Nothing outside the range is wanted. Repeat exactly the lines below from the one with "Kubek Handmade z" through the one with "A charming design".
Start of Listed entries
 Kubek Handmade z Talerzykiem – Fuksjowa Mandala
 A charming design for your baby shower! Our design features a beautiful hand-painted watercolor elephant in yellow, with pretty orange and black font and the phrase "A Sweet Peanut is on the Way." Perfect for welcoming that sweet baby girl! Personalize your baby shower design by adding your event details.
End of Listed entries
Start of Listed entries
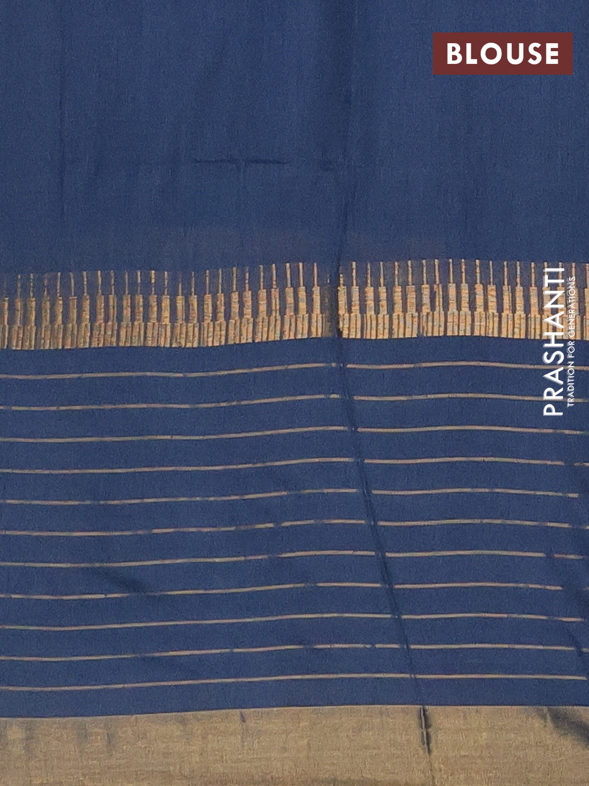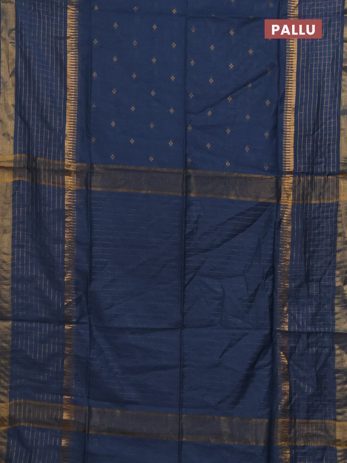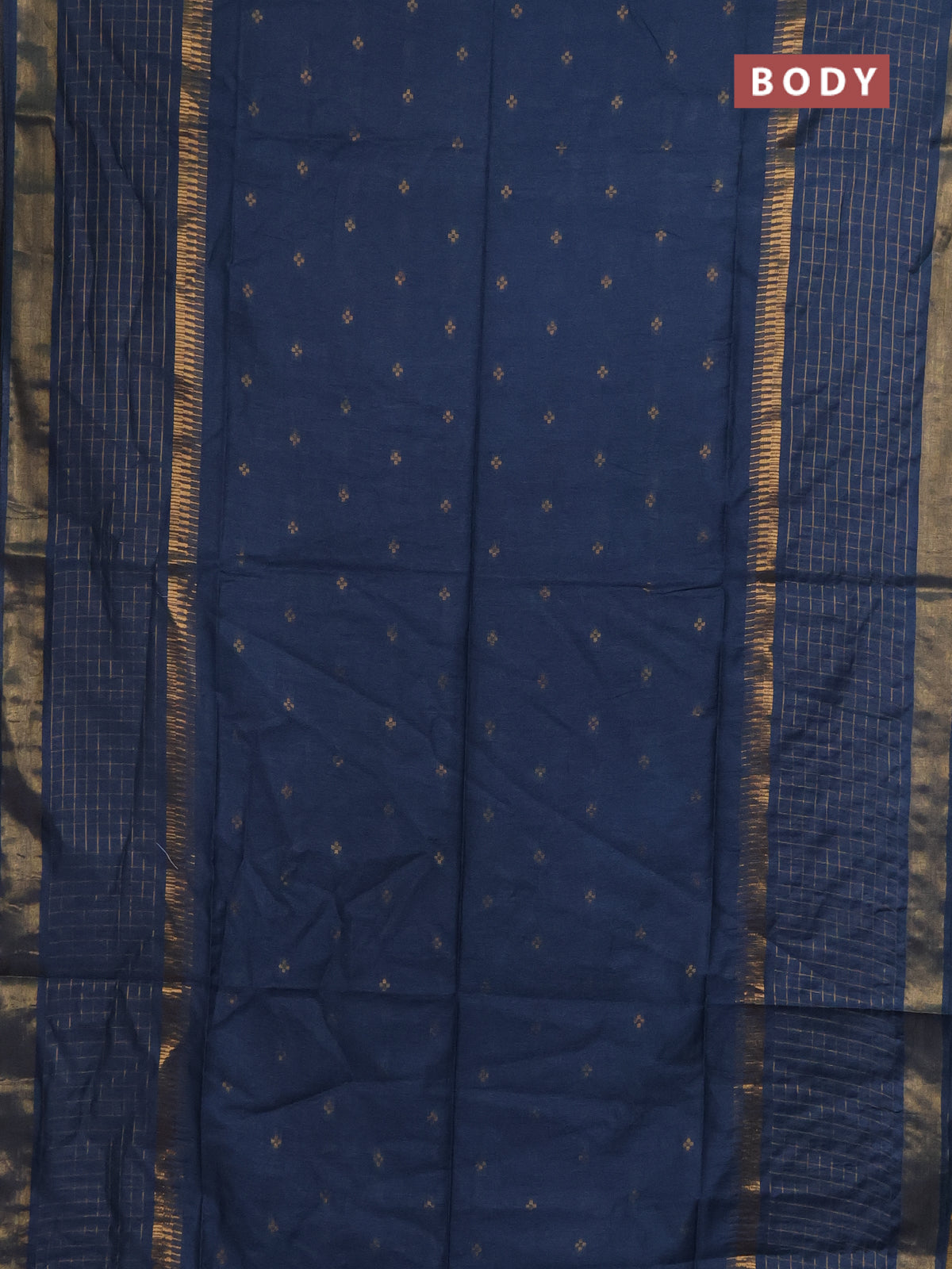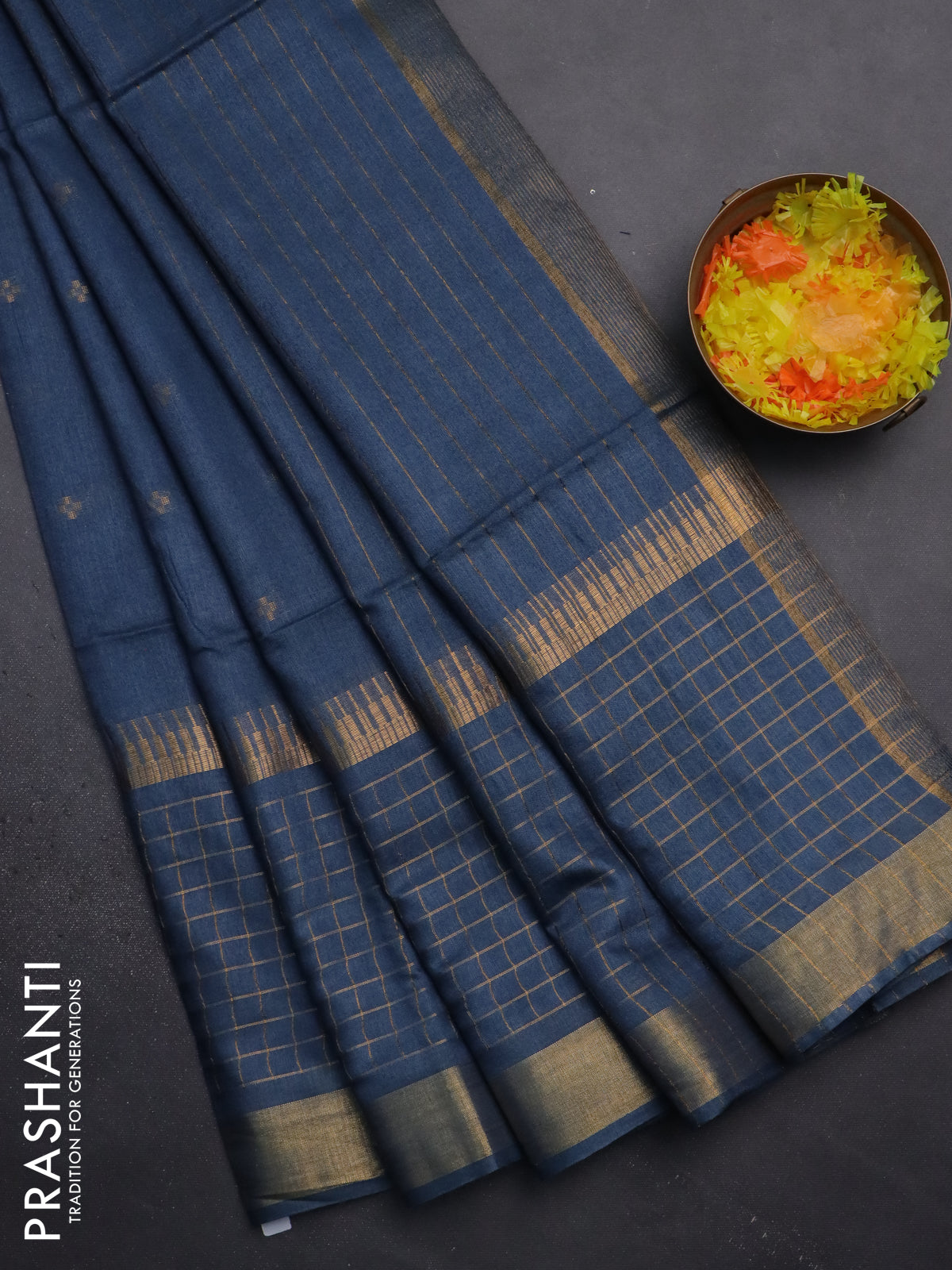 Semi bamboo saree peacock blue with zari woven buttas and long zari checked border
End of Listed entries
> [Written solution]
 Kubek Handmade z Talerzykiem – Fuksjowa Mandala
 A charming design for your baby shower! Our design features a beautiful hand-painted watercolor elephant in yellow, with pretty orange and black font and the phrase "A Sweet Peanut is on the Way." Perfect for welcoming that sweet baby girl! Personalize your baby shower design by adding your event details.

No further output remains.